В одну минуту я вскинул винтовку, прицелился в голову медведя и, рискуя убить двуногого зверя, спустил курок.
Гулкий выстрел прокатился в горах, эхо повторило его много раз, и сразу наступила тишина. Медведь, убитый наповал, рухнул всем телом на своего врага, покрыв его своей огромной тушей. Жив ли он, мой двуногий зверь?
Не помню, как сбежал я в лощину. Бросился к медведю и, ухватив его за лапы, стал тянуть. Напрасное усилие. Я, парижанин двадцатого века, обладал могущественным орудием, которое поражает на смерть, но слишком слабыми руками, привыкшими иметь дело с книгами, а не с тушами медведей. Мне удалось только освободить голову несчастного. Он был жив и даже не потерял сознания. И он смотрел на меня своими блестящими и голубыми, как небо, глазами.
Мой громоподобный выстрел, сразу уложивший медведя, мой необычайный для двуногого зверя вид, — все это должно было сильно поразить его воображение. Но вместе с тем, я не ошибаюсь, он понял главное: что я тоже двуногий зверь, пришедший ему на помощь. И в его взгляде я прочитал что-то похожее на благодарность. Благодарность человека к человеку. Животным также знакомо чувство благодарности. Но в его взоре было нечто большее. Звери так не смотрят. Да, это был человек. Дикий человек, неизвестной, вымершей первобытной белой расы, но человек.
Однако, рассуждать было не время. Надо было звать на помощь. И я стал стрелять, пока не расстрелял все свои патроны. Потом начал кричать. Скоро послышались ответные крики. Ко мне спешили мои проводники.

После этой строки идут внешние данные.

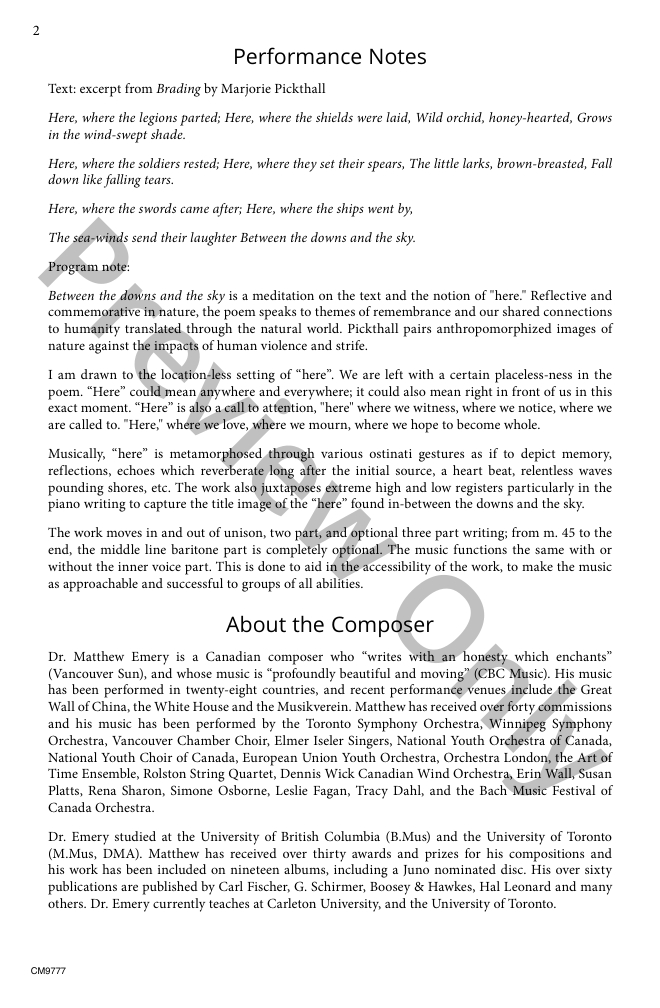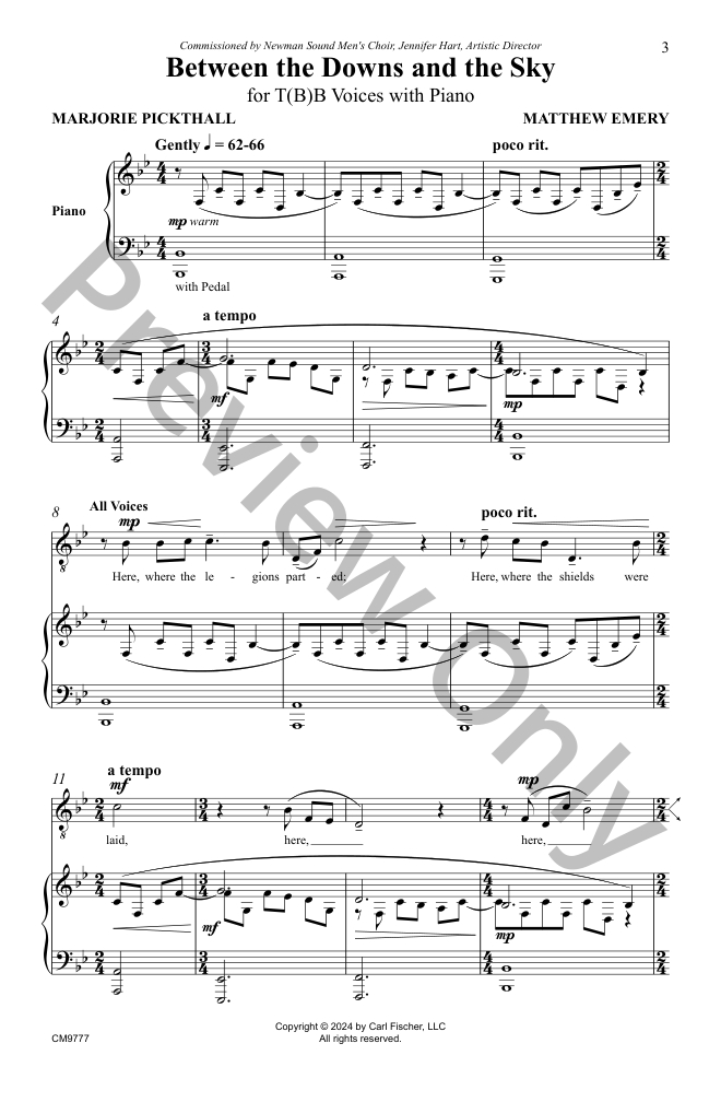 Reflective and commemorative in nature, the text of Between the Downs and the Sky speaks to themes of remembrance and our shared connections to humanity. Emery's expansive writing moves in and out of unison, two part, and optional three parts, aiding in the accessibility of the work for TB ensembles of all sizes and abilities.

С их помощью мне удалось освободить белого дикаря от туши медведя и глыбы льда. Он не стонал, хотя кровь обильно текла из его ран, сквозь разорванные мышцы была видна плечевая кость, а нога, повидимому, была переломлена. Я сделал перевязки, а затем мы с величайшей осторожностью понесли к месту стоянки нашу драгоценную ношу.
Едва ли к родному брату я проявил бы столько забот. И понятно почему: ведь это был не просто человек. Это был, быть может, единственный во всем мире экземпляр отдаленных предков человека. Целый ряд неоспоримых признаков говорил за это… я кричал на проводников, когда они оступались, а сам мысленно уже анатомировал его, взвешивал его мозг, измерял лицевой угол…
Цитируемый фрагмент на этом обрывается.